### TO DO:
Identify each line below that contains the word "chǎn", and copy it out.

### RECORDS TO PROCESS:
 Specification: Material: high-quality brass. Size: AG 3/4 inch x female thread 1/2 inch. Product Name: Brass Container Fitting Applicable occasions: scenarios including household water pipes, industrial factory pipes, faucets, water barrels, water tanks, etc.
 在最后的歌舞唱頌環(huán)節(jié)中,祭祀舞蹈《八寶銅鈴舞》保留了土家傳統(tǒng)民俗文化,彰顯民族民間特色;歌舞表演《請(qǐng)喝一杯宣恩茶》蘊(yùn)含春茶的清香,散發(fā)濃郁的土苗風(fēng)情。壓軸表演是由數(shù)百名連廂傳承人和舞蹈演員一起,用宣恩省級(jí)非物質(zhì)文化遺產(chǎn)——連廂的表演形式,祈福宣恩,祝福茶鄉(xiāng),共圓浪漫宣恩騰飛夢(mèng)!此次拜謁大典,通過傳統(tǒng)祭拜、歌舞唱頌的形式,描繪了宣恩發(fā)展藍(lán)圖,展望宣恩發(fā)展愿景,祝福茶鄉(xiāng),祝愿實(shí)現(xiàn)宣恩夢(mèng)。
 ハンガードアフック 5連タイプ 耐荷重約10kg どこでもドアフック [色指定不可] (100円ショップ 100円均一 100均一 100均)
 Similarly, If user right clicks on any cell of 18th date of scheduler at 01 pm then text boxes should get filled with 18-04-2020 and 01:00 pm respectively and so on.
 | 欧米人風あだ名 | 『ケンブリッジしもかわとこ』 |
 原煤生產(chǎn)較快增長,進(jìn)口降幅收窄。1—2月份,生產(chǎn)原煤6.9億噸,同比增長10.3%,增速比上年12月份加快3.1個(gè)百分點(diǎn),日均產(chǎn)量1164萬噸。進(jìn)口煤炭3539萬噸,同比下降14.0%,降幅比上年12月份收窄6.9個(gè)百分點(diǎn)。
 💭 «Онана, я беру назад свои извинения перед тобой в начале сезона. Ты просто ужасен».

--

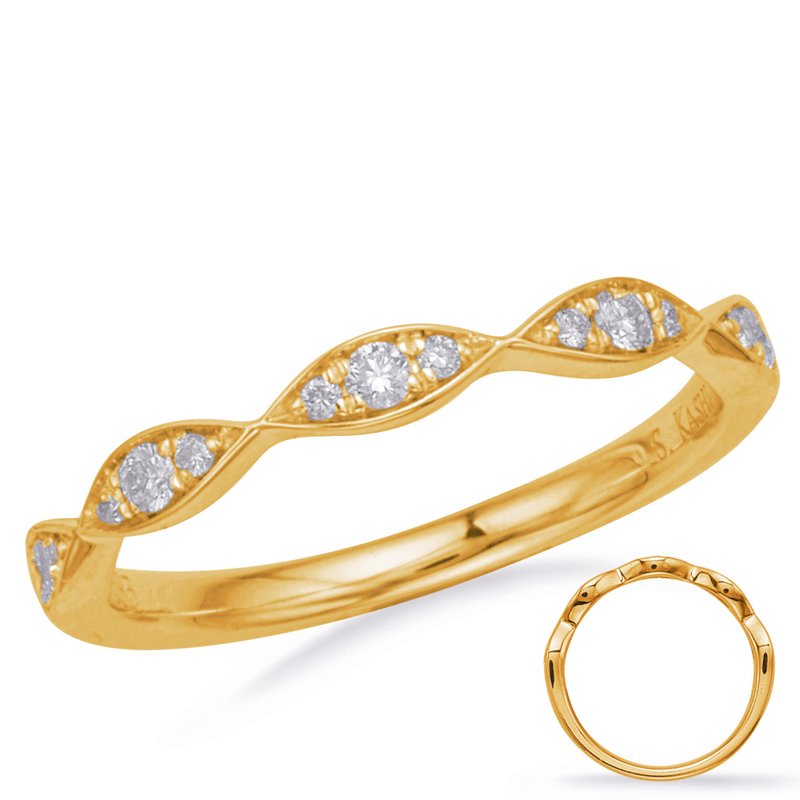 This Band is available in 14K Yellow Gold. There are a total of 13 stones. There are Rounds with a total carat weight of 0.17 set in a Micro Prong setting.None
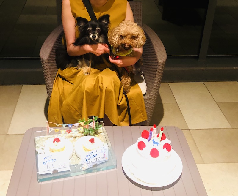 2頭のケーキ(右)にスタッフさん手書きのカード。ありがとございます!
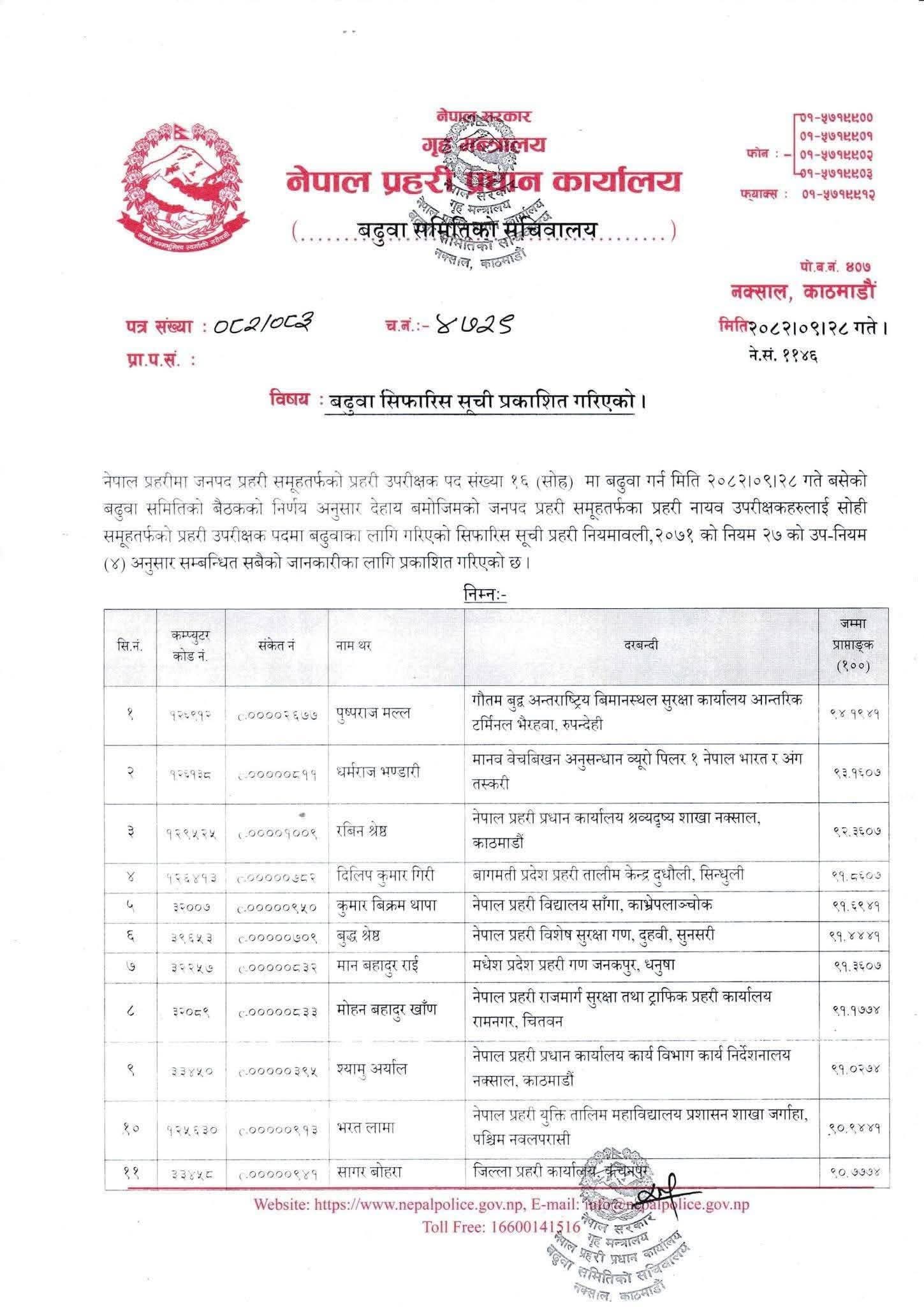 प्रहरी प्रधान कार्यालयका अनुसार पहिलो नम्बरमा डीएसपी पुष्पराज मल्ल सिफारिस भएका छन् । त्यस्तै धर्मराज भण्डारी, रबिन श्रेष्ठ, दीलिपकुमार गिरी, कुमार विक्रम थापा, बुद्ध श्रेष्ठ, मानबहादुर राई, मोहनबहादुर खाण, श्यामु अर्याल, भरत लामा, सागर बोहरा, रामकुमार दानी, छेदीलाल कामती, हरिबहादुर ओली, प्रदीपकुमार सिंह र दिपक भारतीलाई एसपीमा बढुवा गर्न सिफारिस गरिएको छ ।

### EXERCISE SOLUTION:
 在最后的歌舞唱頌環(huán)節(jié)中,祭祀舞蹈《八寶銅鈴舞》保留了土家傳統(tǒng)民俗文化,彰顯民族民間特色;歌舞表演《請(qǐng)喝一杯宣恩茶》蘊(yùn)含春茶的清香,散發(fā)濃郁的土苗風(fēng)情。壓軸表演是由數(shù)百名連廂傳承人和舞蹈演員一起,用宣恩省級(jí)非物質(zhì)文化遺產(chǎn)——連廂的表演形式,祈福宣恩,祝福茶鄉(xiāng),共圓浪漫宣恩騰飛夢(mèng)!此次拜謁大典,通過傳統(tǒng)祭拜、歌舞唱頌的形式,描繪了宣恩發(fā)展藍(lán)圖,展望宣恩發(fā)展愿景,祝福茶鄉(xiāng),祝愿實(shí)現(xiàn)宣恩夢(mèng)。
 原煤生產(chǎn)較快增長,進(jìn)口降幅收窄。1—2月份,生產(chǎn)原煤6.9億噸,同比增長10.3%,增速比上年12月份加快3.1個(gè)百分點(diǎn),日均產(chǎn)量1164萬噸。進(jìn)口煤炭3539萬噸,同比下降14.0%,降幅比上年12月份收窄6.9個(gè)百分點(diǎn)。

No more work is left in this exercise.